Plaintiff Kathleen Short has filed a putative class action on behalf of herself and other Uber Technologies, Inc. (Uber) drivers alleging that the on-demand taxi service willfully misclassifies its drivers as independent contractors when they are in fact employees. Wednesday’s filing contends that Uber violated both the Fair Labor Standards Act (FLSA) and the Florida Minimum Wage Act (FMWA) by failing to pay its drivers minimum wage for hours they work.

According to the complaint, one of several filed by both private and public litigants against Uber its competitor, Lyft, Inc., and other companies that employ drivers, Uber’s independent contractor classification is “an effort to avoid providing its drivers with the minimum benefits and protections…”. The complaint specifies more than a dozen reasons why Uber drivers should be considered employees under the FLSA and Florida law including that drivers do not engage in business distinct from that of Uber and that the employer subtracts a 20% “administration fee” from gratuities left for drivers by customers.

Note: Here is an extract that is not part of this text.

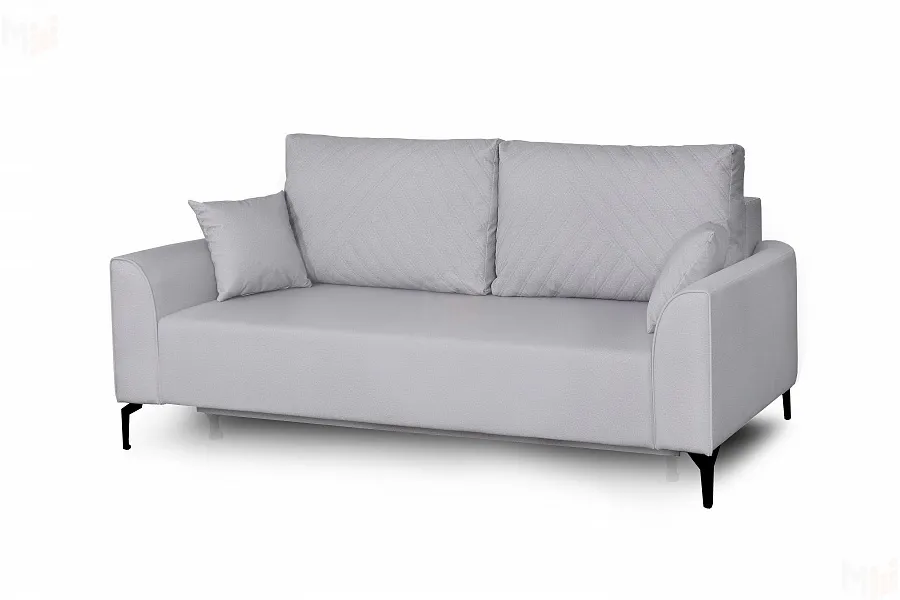 Плавные линии подлокотников позволяют удобно расположиться во время отдыха. Диван стоит на высоких металлических опорах, что позволяет использовать робот-пылесос в процессе уборки. Удобный и долговечный механизм трансформации «Тик-так» обеспечивает легкое раскладывание дивана.
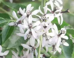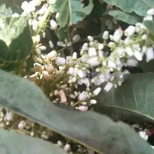 圆锥花序与叶等长或更长,被稀疏的锈色短柔毛或有时近无毛,小聚伞花序生于短的小枝上,多花;花长4-5毫米,具短花梗;花萼5齿裂或浅波状,外面被柔毛,且有睫毛;花瓣5,白色,长圆形,先端钝,长4-5毫米,宽2-3毫米,无毛;雄蕊10,其中5枚能育,5枚退化;花盘无毛,近念珠状;子房圆锥形,有5条细沟纹,无毛,每室有胚珠8颗,花柱比子房长,柱头盘状。

Instead of paying drivers minimum wage, the complaint argues, Uber pays its drivers using a formula “based on and related in some way to the amount Uber receives from its customers.” The result, the filing claims is that drivers are neither paid for all hours worked nor are they paid the state’s minimum wage.

The plaintiff seeks to certify a class of drivers who, at any time during the period from June 18, 2012, to the filing of the complaint have worked, or currently work, as a driver for Uber. The plaintiff and putative class request unpaid back wages and other relief.

Wenzel Fenton Cabassa, P.A. represents the plaintiff.